To link forest assembly mechanisms to trait difference- spatial
association relationships and test the three hypotheses above (Fig. 1c,
d, e and f), we addressed the following questions about spatial
associations: (1) How are pairwise spatial associations correlated with
trait dissimilarity and trait hierarchy? (2) Do the spatial
pattern-trait difference relationships remain consistent across
different spatial scales? Moreover, little attention has been paid to
variation in abundances among the focal tree species and relative
importance of different assembly mechanisms.

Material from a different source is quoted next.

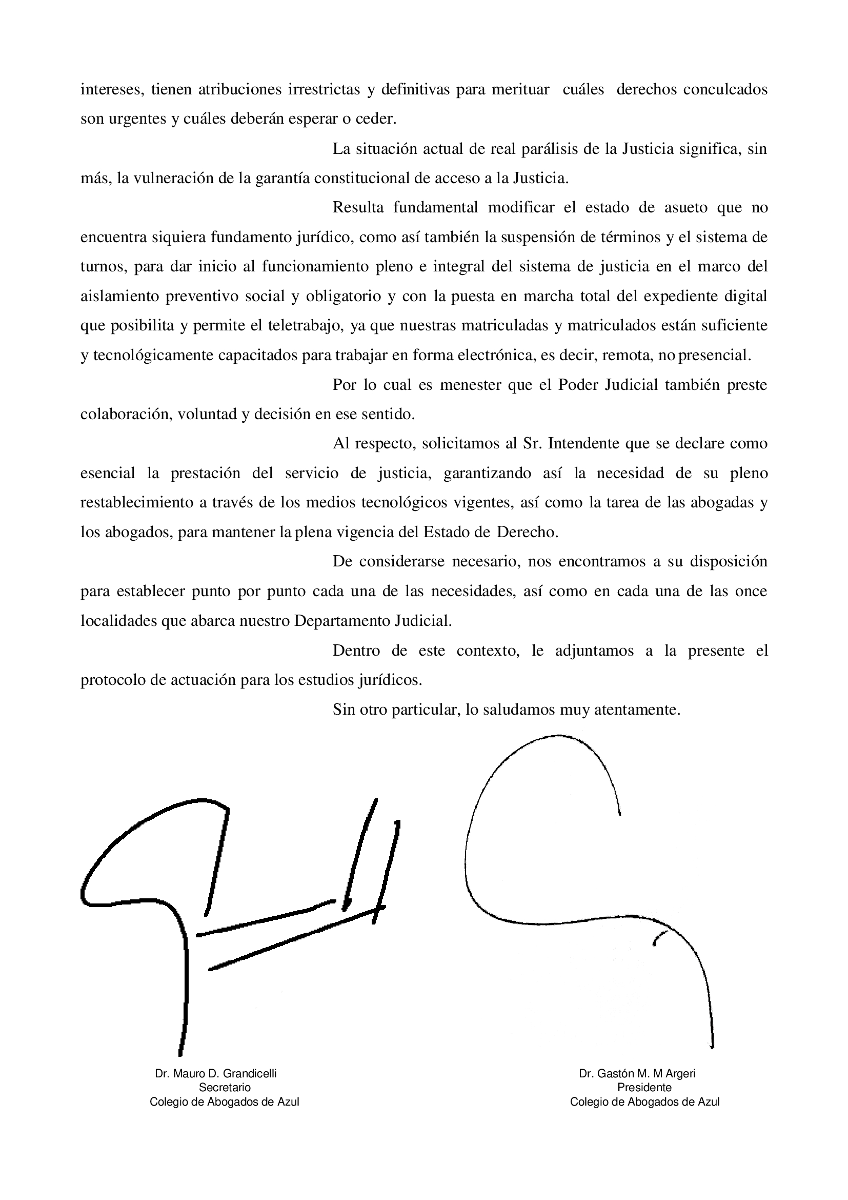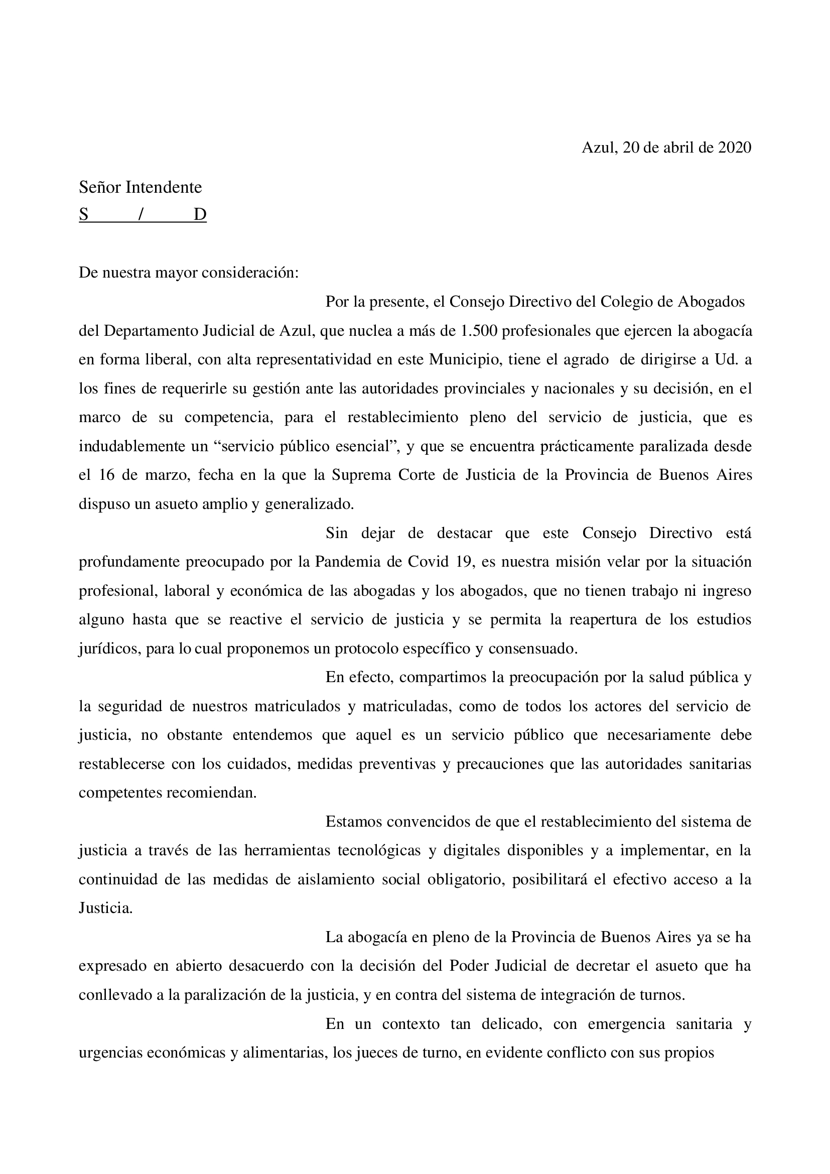 El Consejo Directivo del Colegio de Abogados Departamental realizó presentaciones ante los diferentes Municipios que integran el Colegio de Abogados del Departamento Judicial de Azul, a los fines de requerirle su gestión ante las autoridades provinciales y nacionales y su decisión, en el marco de su competencia, para el restablecimiento pleno del servicio de justicia, que es indudablemente un “servicio público esencial”, y que se encuentra prácticamente paralizada desde el 16 de marzo, fecha en la que la Suprema Corte de Justicia de la Provincia de Buenos Aires dispuso un asueto amplio y generalizado.

In this study, we explored
how the magnitude that the hierarchical competition effects outcompete
the environmental filtering effects was related to the abundance of each
focal species when trait hierarchy effects were detected.
To address these questions, we analyzed the bivariate spatial
associations of 80 common species in a fully mapped 50 ha (1000× 500 m)
plot in Heishiding nature reserve in southern China using spatial point
pattern analysis. To reveal how trait dissimilarity and hierarchy
determine species co-occurrence patterns in the study forest, we
evaluated the support for the three hypotheses by assessing the spatial
pattern-trait difference relationships across different spatial scales.
We then related the relative strengths of trait hierarchy and trait
dissimilarity on spatial associations to the abundance of each focal
species to better understand the underlying mechanisms.